This breakfast casserole kind of trumps the last one I made. For one, it used chicken apple sausage which I happen to love. I also enjoyed the addition of kale more than spinach. Basically, this breakfast casserole kicks the butt out of the other one in my opinion. I shouldn’t be so hard on the other one. I did really like the other one but I think after eating it for five days straight I got tired of it. This made about six servings which was great because I didn’t have to eat it for five days straight.

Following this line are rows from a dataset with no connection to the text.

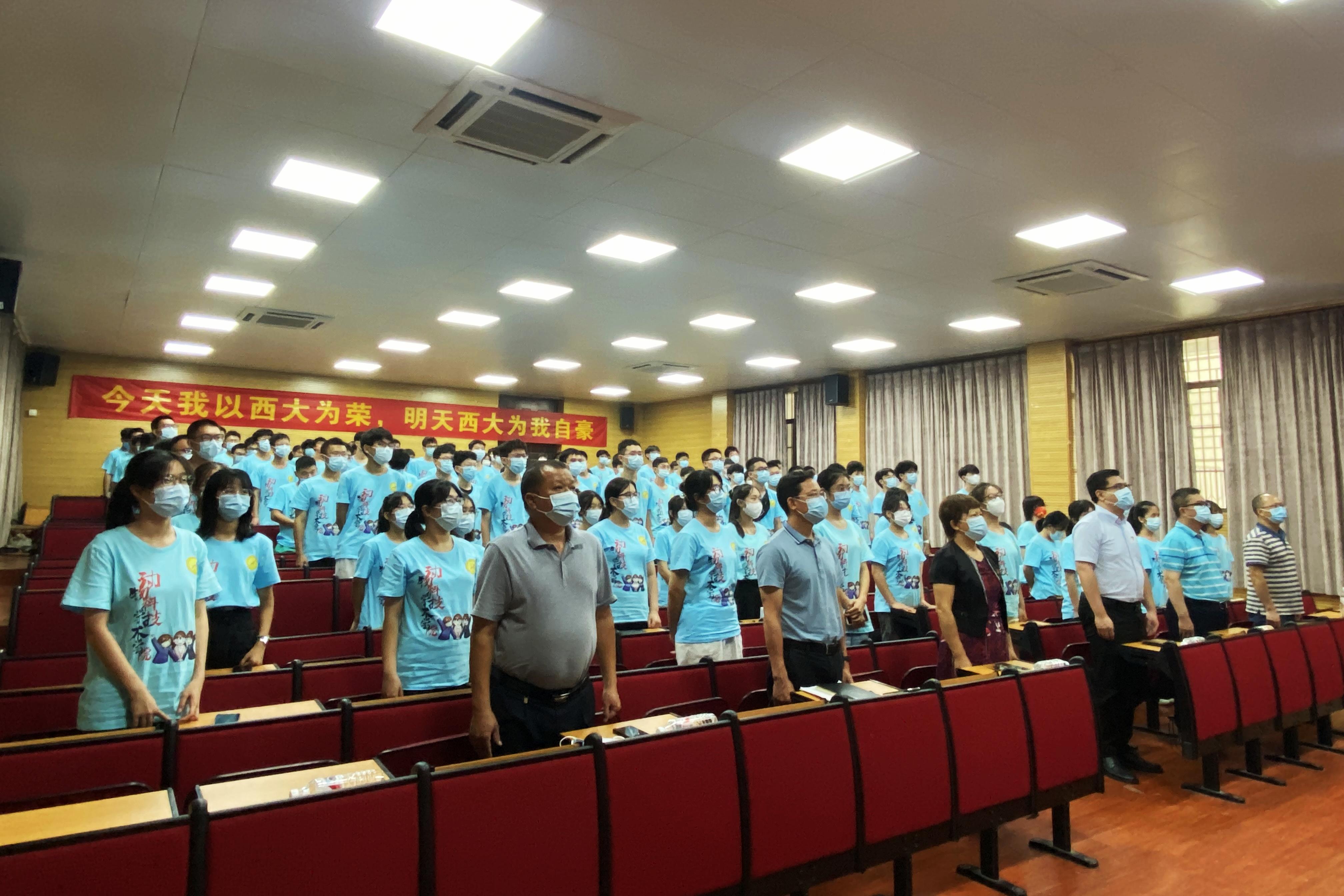 韩林海董事长作题为《用奋斗擦亮青春底色 以实干担当时代重任》的讲话,向加入西大大家庭的新生表示欢迎和祝贺,向辛勤培养新生的亲人及老师们致以敬意和感谢。他介绍了太阳成集团tyc234cc90多年的奋进历程,重温了“保卫中华,发达广西”的办学宗旨和“勤恳朴诚”校训的深刻内涵和深远意义。韩林海董事长指出,同学们的青春之路和祖国“两个一百年”奋斗之路高度契合,正所谓“生逢其时、重任在肩”,希望同学们肩负起时代赋予的重任,接好西大接力棒,珍惜大学时光,让青春年华充实而美好。要做一名勇攀高峰、追求进步的奋斗者,用青年毛泽东的家国情怀为激励,发扬首任董事长马君武先生提出的“三拼精神”,学习一代代西大人艰苦奋斗、砥砺奋进的拼搏精神,早立大志、勤下苦功、勇攀高峰,在西大校园里留下追求进步、不懈奋斗的最美模样;要做一名心存敬畏、严谨求是的实干者,主动积极、持久以恒的学习,养成踏实做人、扎实做事的品格,实现自我提升,收获更多成长;要做一名心存家国、扎根八桂的初心者,学习公司支教团以“志愿+接力”方式致力于支教、扶贫、疫情防控等工作和选调生扎根广西基层、服务八桂大地的担当精神,心怀“国之大者”,笃定“国之所需,吾之所向”的信念,把知识扎根在理想信念上,把初心根植于学习中,将个人奋斗目标融入党和国家事业“大蓝图”,在时代的洪流中坚守初心,书写属于同学们的新荣光。
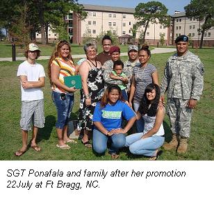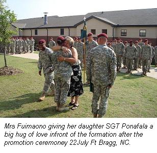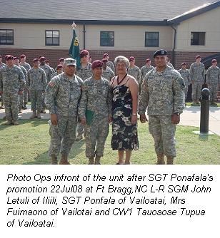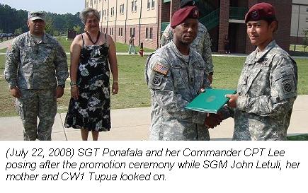 Once the unit was formed, the command, attention to orders was called and the promotion orders were read as Mrs. Anna Suani Ponafala Fuimaono pinned-on Sergeant ranks on her daughter while the unit Commander, CPT Small, Lee and First Sergeant McCartney looked on. SGT Antoinette Ponafala graduated from the Warriors Leaders Course (WLC) Class 09-08 on May 8, 2008 at Ft Bragg, N.C. This course is a requirement for promotion to the Non Commissioned Officer (NCO) Corps that starts with the rank of sergeant or E-5. According to SGT Ponafala's mother, "It was an honor to promote my daughter in front of her unit and Samoans at Ft Bragg, NC, however, it's not complete without my husband, HC Fuimaono Ponafala". These sentiments were echoed by SGT Ponafala when asked about her feelings during this momentous occasion, "I am very happy for my mother; however, I still have a void in my heart because my father is not here to witness this important event due to other family obligations. I love you dad and missed you a lot until we meet again." SGT Ponafala expressed her sincere appreciation to her parents, Fuimaono & Anna Ponafala, to all her families in Vailoatai, Leone and Vatia, to her Ft Bragg family, Toa o le Vateatea and especially to her spiritual parents in Vailoatai, Reverend Faletoi and Violina Lagoo Uso. This is your promotion as well because of your prayers, love and never ending support commented SGT Ponafala.
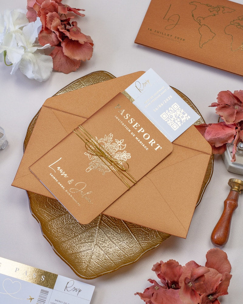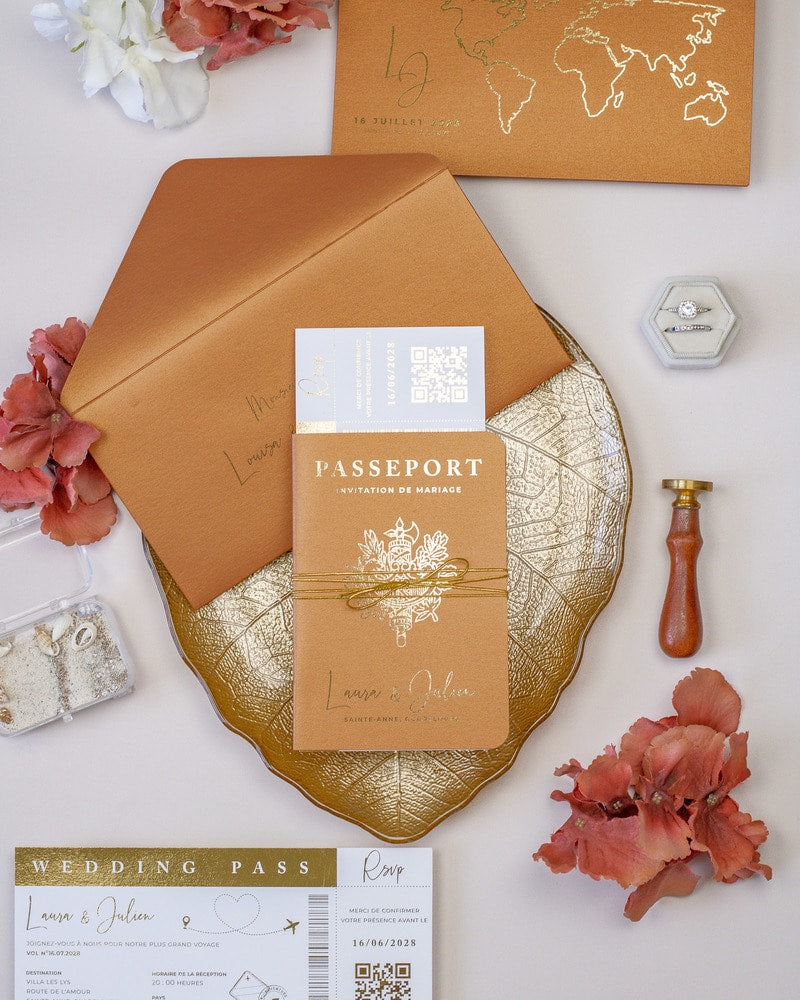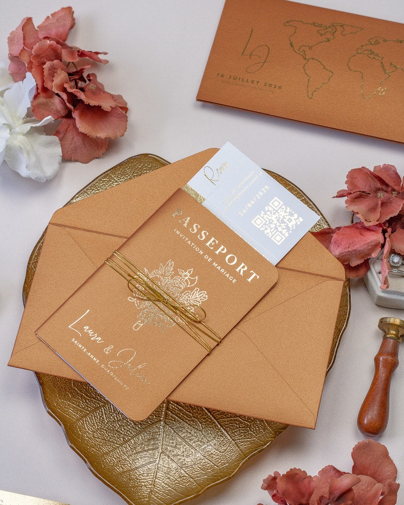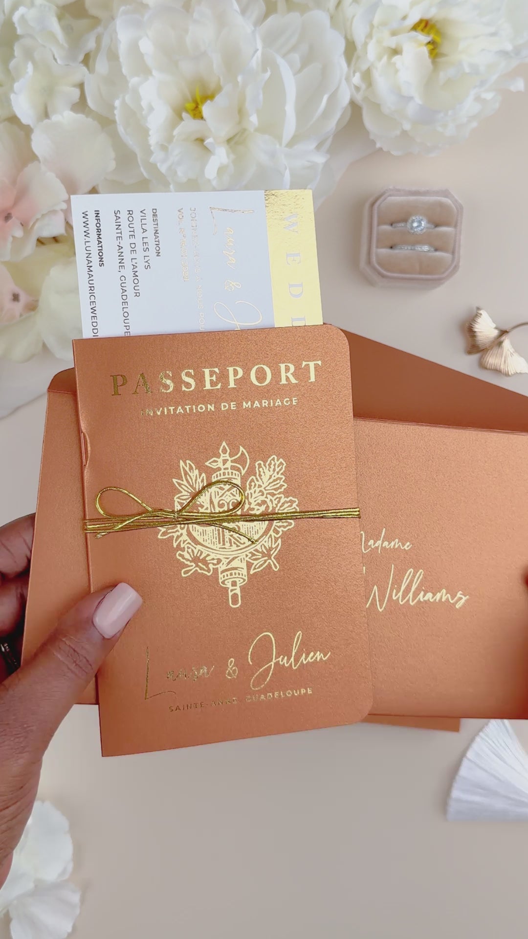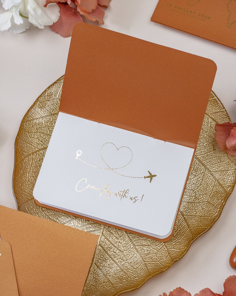 Elégant faire-part de mariage sous forme de Passeport. Un design sophistiqué et intemporel. C’est le choix parfait si vous êtes des mariés à la recherche d’un faire-part moderne et unique. Si vous souhaitez inclure plus d’informations, pensez à l’associer avec la pochette assortie.

My little kitchen assistant, Ryder, or better known as the veggie garbage disposal was very active in the kitchen the day I made this. Per the usual he was
patiently waiting while I took the stems off the kale. He knows when he hears tearing that he’ll usually get a stem or five out of it. Since I think it’s adorable that he loves kale stems I wanted to get some photos of him. Of course once I turned the camera on to him he wouldn’t touch it. He then ran into the living room and I heard him chewing, so I figured he was enjoying his treat away from the camera. He then ran back into the kitchen more!
After him running back a few times I went into the living room to check on him and low and behold, he had a stash of kale stems! What the heck, Ryder?! This was so unlike him.
Apparently chewing kale stems is hard work. You’ve really got to use your teeth to break them down.
Sometimes you might even gag/choke on them a little, but it’s all worth it, isn’t it?
Does looking at ridiculous pictures of Ryder make you want to eat breakfast? No? I guess since he’s my sweetie boy I don’t care. Anyway, back to the casserole. I love using shredded sweet potatoes in casseroles because you don’t have to cook them before baking. The shredded sweet potato soaked with the egg and coconut milk is a combination I never realized I’d enjoy so much. This casserole dish was super easy to make. Minimal prep work yields delicious servings of hearty breakfast for the week.
Chicken Sausage, Kale, Sweet Potato Breakfast Casserole
2 medium sweet potatoes, peeled & shredded
1 tablespoon olive or avocado oil
1 bunch kale, cleaned & torn into bite-sized pieces
4 chicken sausages, sliced
8 large eggs
1 cup coconut milk
1/2 teaspoon Kosher salt
1/4 teaspoon ground black pepper
1. Preheat oven to 350 degrees. Grease 9″x13″ casserole dish.
2. Over medium heat add oil to pan. Stir in kale and sautee for about 5 minutes or until soft.
3. Cover bottom of baking dish with shredded sweet potatoes.
4. In a large bowl; whisk together eggs, coconut milk, salt, and pepper.
5. Place kale on top of sweet potatoes and season with a little salt and pepper. Cover kale with chicken sausage slices, and pour egg mixture over everything. Bake for 40-50 minutes or until set. Remove from oven, let cool, and slice.